#### Data provided ####
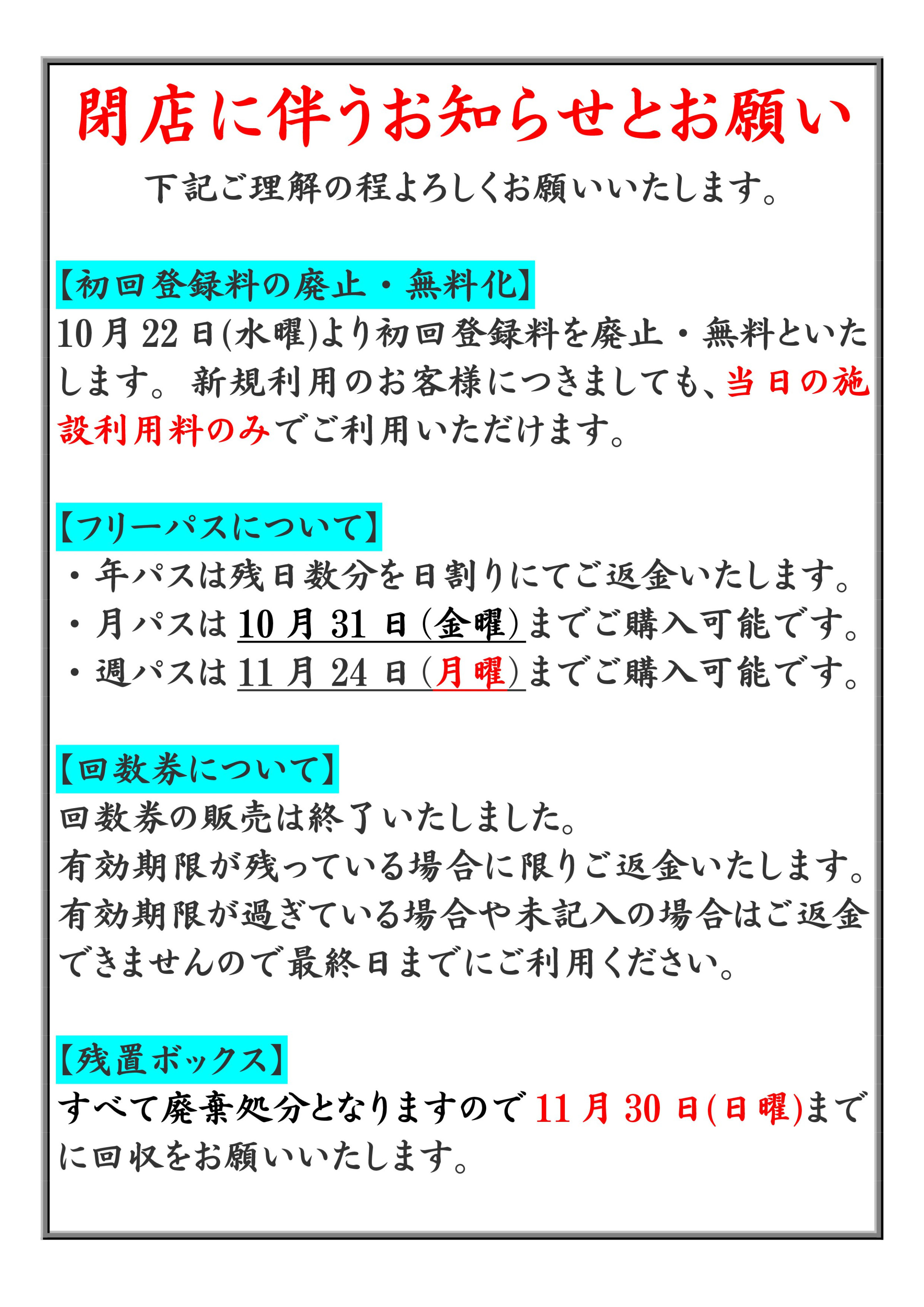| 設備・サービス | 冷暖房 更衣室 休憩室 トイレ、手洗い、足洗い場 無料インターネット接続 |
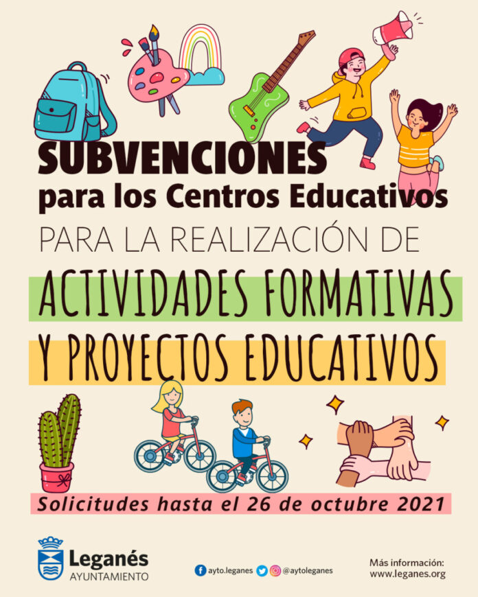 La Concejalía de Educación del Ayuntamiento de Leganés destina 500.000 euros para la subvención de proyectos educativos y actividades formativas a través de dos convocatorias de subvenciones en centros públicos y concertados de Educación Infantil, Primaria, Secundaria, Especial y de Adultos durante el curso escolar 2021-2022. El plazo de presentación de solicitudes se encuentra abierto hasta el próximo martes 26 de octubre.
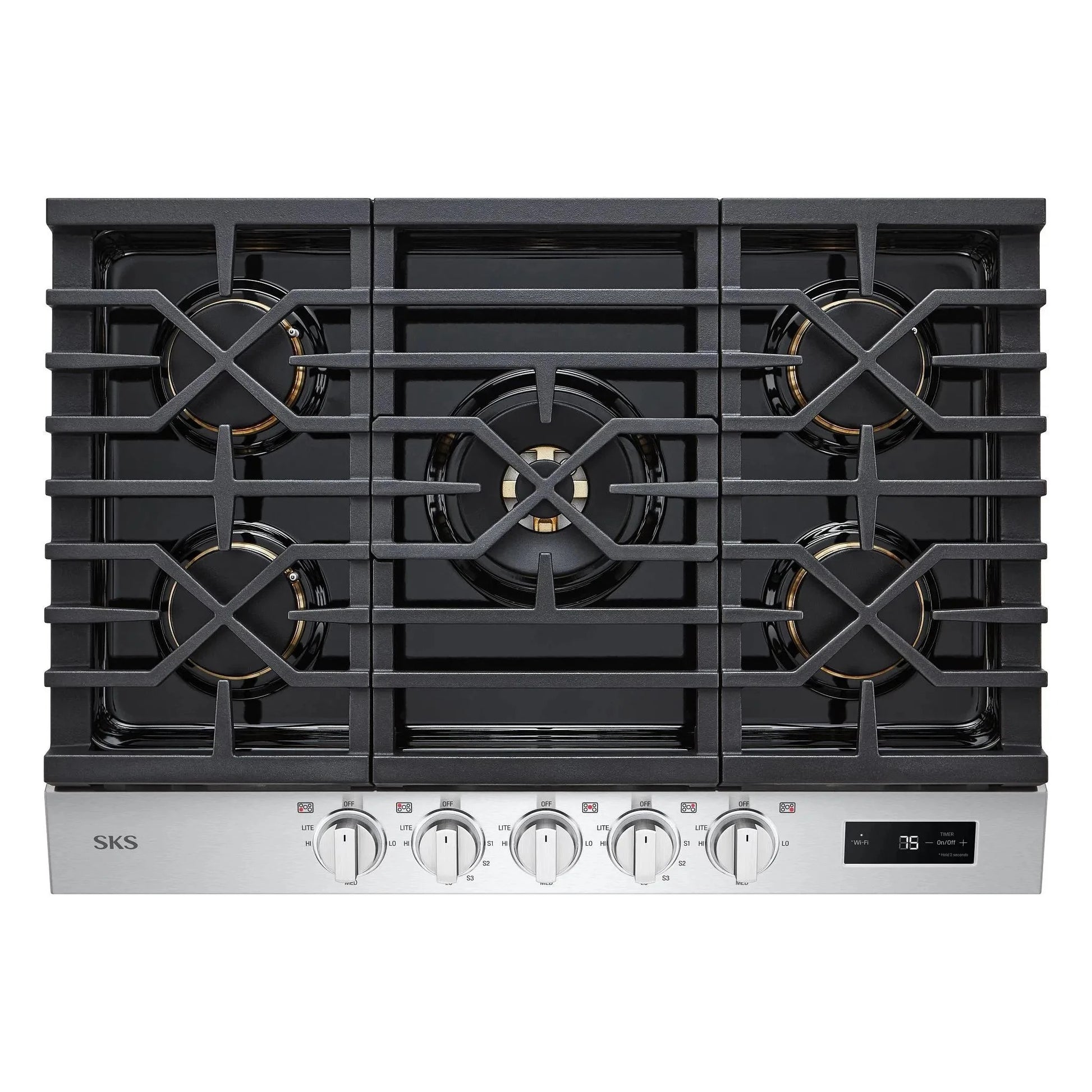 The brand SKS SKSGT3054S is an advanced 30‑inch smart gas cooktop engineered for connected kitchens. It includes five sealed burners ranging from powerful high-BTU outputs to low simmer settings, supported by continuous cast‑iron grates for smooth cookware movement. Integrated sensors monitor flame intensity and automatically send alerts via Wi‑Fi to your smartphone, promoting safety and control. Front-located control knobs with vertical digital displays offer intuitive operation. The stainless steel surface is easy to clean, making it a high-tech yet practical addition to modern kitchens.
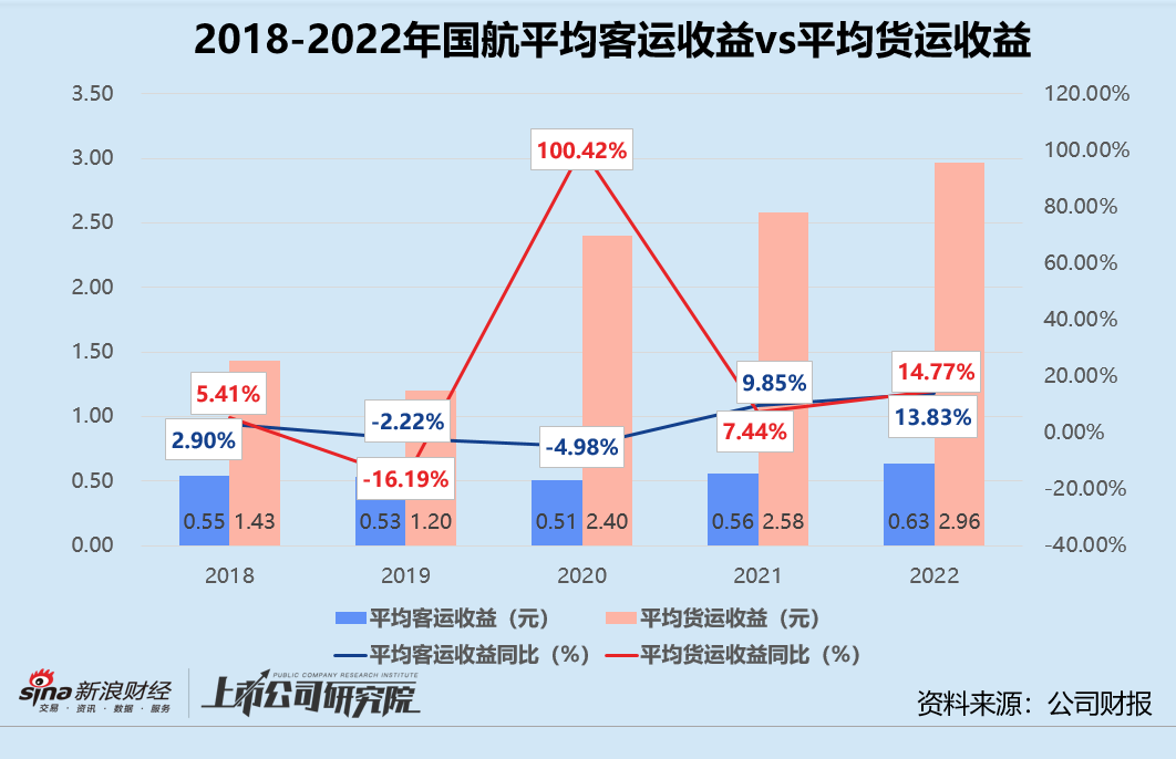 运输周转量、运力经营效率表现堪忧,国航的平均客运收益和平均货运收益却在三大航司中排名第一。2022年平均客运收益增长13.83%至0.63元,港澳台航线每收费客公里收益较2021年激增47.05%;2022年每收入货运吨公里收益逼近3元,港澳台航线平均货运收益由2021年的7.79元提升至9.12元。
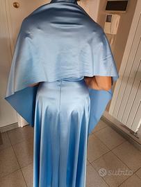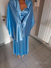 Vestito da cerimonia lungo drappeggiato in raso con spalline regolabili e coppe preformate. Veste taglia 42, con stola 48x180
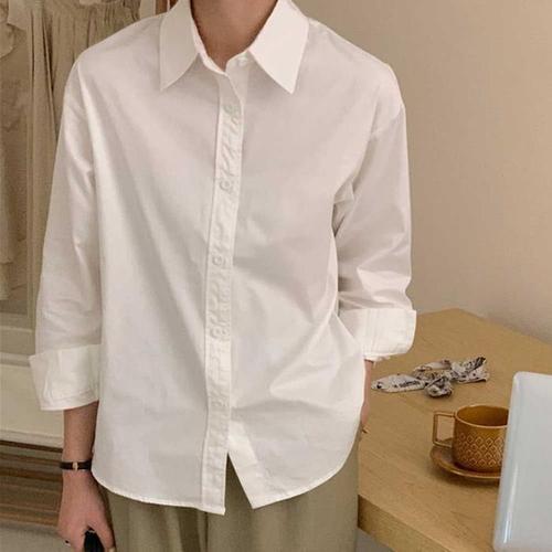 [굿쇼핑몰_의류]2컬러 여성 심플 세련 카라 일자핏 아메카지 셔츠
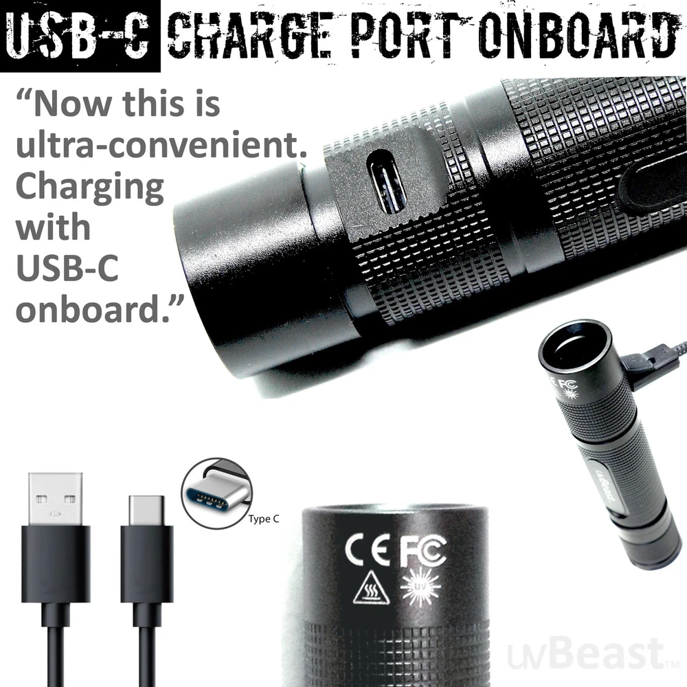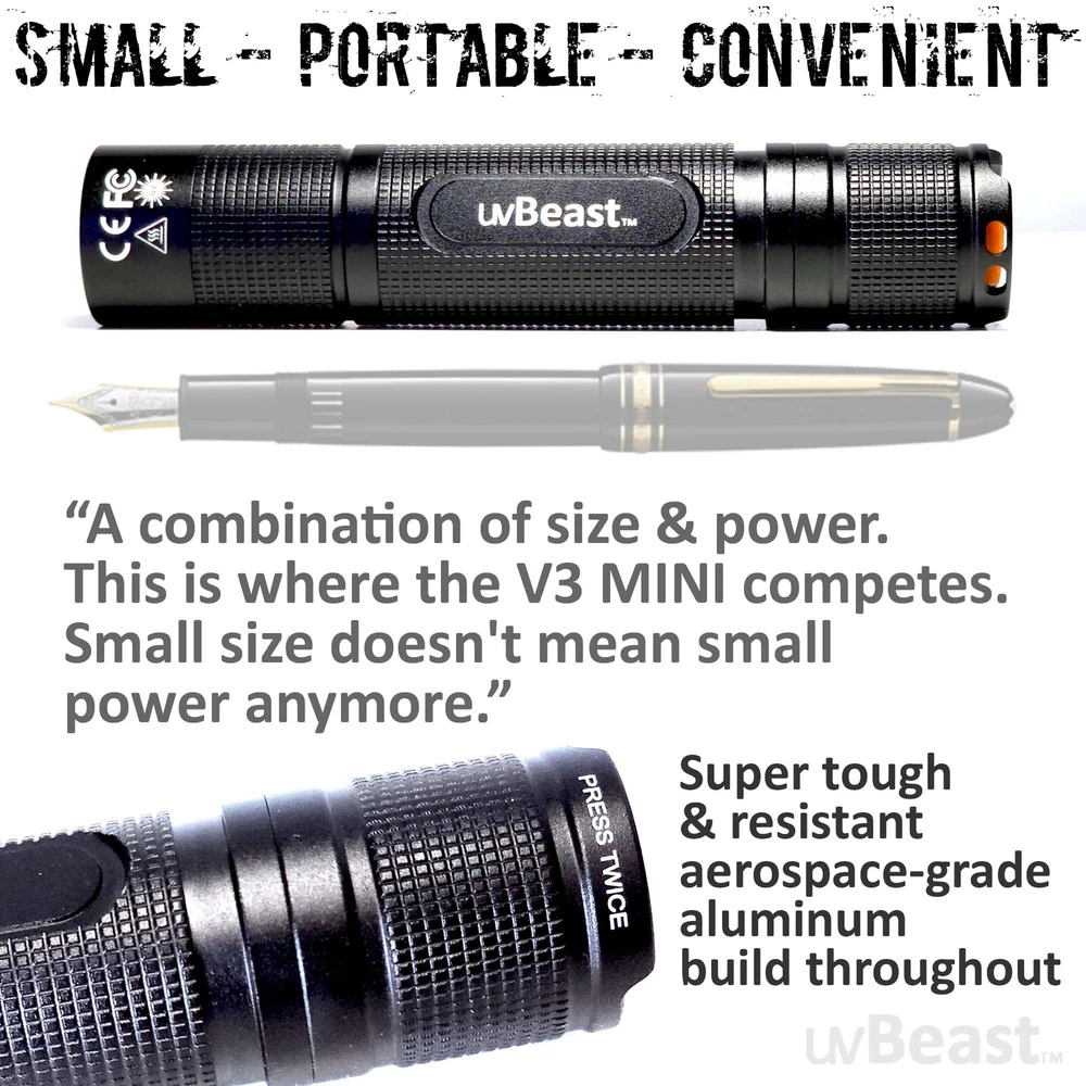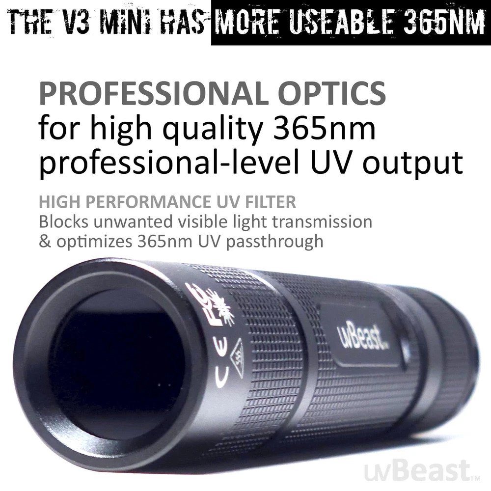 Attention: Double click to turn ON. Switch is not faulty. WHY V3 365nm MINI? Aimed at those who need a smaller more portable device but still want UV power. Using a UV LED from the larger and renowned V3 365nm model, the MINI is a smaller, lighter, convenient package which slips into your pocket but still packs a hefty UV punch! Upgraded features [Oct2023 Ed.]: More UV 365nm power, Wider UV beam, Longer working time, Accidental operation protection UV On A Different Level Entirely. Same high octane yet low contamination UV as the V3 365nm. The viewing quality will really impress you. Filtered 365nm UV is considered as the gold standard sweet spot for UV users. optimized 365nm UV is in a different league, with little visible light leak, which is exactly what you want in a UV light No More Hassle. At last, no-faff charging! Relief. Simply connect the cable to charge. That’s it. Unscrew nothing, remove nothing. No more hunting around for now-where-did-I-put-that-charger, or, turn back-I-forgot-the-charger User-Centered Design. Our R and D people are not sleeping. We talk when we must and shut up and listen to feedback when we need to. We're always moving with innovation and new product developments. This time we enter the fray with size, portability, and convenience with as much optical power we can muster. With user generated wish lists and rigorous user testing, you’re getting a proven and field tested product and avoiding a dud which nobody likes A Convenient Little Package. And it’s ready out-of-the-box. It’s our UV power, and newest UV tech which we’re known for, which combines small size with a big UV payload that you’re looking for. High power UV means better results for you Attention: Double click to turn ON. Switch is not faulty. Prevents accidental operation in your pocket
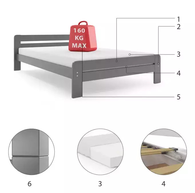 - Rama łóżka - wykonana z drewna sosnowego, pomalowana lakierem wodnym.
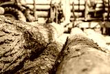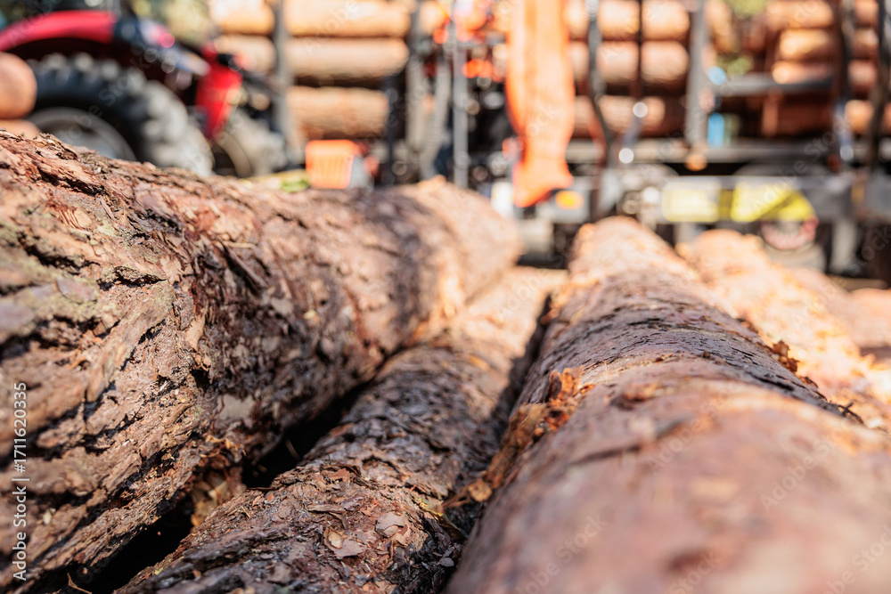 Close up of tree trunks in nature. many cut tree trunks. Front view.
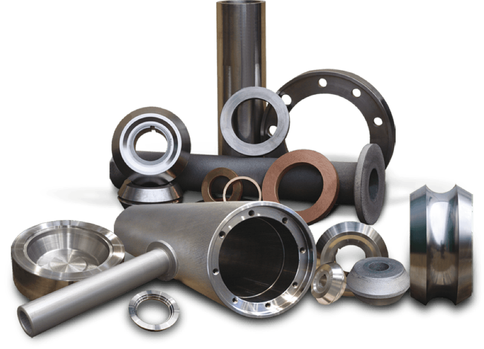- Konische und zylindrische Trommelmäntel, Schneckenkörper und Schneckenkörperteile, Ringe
####
What is required: Retype all the entries exactly; drop the pictures.

The answer:
| 設備・サービス | 冷暖房 更衣室 休憩室 トイレ、手洗い、足洗い場 無料インターネット接続 |
 La Concejalía de Educación del Ayuntamiento de Leganés destina 500.000 euros para la subvención de proyectos educativos y actividades formativas a través de dos convocatorias de subvenciones en centros públicos y concertados de Educación Infantil, Primaria, Secundaria, Especial y de Adultos durante el curso escolar 2021-2022. El plazo de presentación de solicitudes se encuentra abierto hasta el próximo martes 26 de octubre.
 The brand SKS SKSGT3054S is an advanced 30‑inch smart gas cooktop engineered for connected kitchens. It includes five sealed burners ranging from powerful high-BTU outputs to low simmer settings, supported by continuous cast‑iron grates for smooth cookware movement. Integrated sensors monitor flame intensity and automatically send alerts via Wi‑Fi to your smartphone, promoting safety and control. Front-located control knobs with vertical digital displays offer intuitive operation. The stainless steel surface is easy to clean, making it a high-tech yet practical addition to modern kitchens.
 运输周转量、运力经营效率表现堪忧,国航的平均客运收益和平均货运收益却在三大航司中排名第一。2022年平均客运收益增长13.83%至0.63元,港澳台航线每收费客公里收益较2021年激增47.05%;2022年每收入货运吨公里收益逼近3元,港澳台航线平均货运收益由2021年的7.79元提升至9.12元。
 Vestito da cerimonia lungo drappeggiato in raso con spalline regolabili e coppe preformate. Veste taglia 42, con stola 48x180
 [굿쇼핑몰_의류]2컬러 여성 심플 세련 카라 일자핏 아메카지 셔츠
 Attention: Double click to turn ON. Switch is not faulty. WHY V3 365nm MINI? Aimed at those who need a smaller more portable device but still want UV power. Using a UV LED from the larger and renowned V3 365nm model, the MINI is a smaller, lighter, convenient package which slips into your pocket but still packs a hefty UV punch! Upgraded features [Oct2023 Ed.]: More UV 365nm power, Wider UV beam, Longer working time, Accidental operation protection UV On A Different Level Entirely. Same high octane yet low contamination UV as the V3 365nm. The viewing quality will really impress you. Filtered 365nm UV is considered as the gold standard sweet spot for UV users. optimized 365nm UV is in a different league, with little visible light leak, which is exactly what you want in a UV light No More Hassle. At last, no-faff charging! Relief. Simply connect the cable to charge. That’s it. Unscrew nothing, remove nothing. No more hunting around for now-where-did-I-put-that-charger, or, turn back-I-forgot-the-charger User-Centered Design. Our R and D people are not sleeping. We talk when we must and shut up and listen to feedback when we need to. We're always moving with innovation and new product developments. This time we enter the fray with size, portability, and convenience with as much optical power we can muster. With user generated wish lists and rigorous user testing, you’re getting a proven and field tested product and avoiding a dud which nobody likes A Convenient Little Package. And it’s ready out-of-the-box. It’s our UV power, and newest UV tech which we’re known for, which combines small size with a big UV payload that you’re looking for. High power UV means better results for you Attention: Double click to turn ON. Switch is not faulty. Prevents accidental operation in your pocket
 - Rama łóżka - wykonana z drewna sosnowego, pomalowana lakierem wodnym.
 Close up of tree trunks in nature. many cut tree trunks. Front view.
- Konische und zylindrische Trommelmäntel, Schneckenkörper und Schneckenkörperteile, Ringe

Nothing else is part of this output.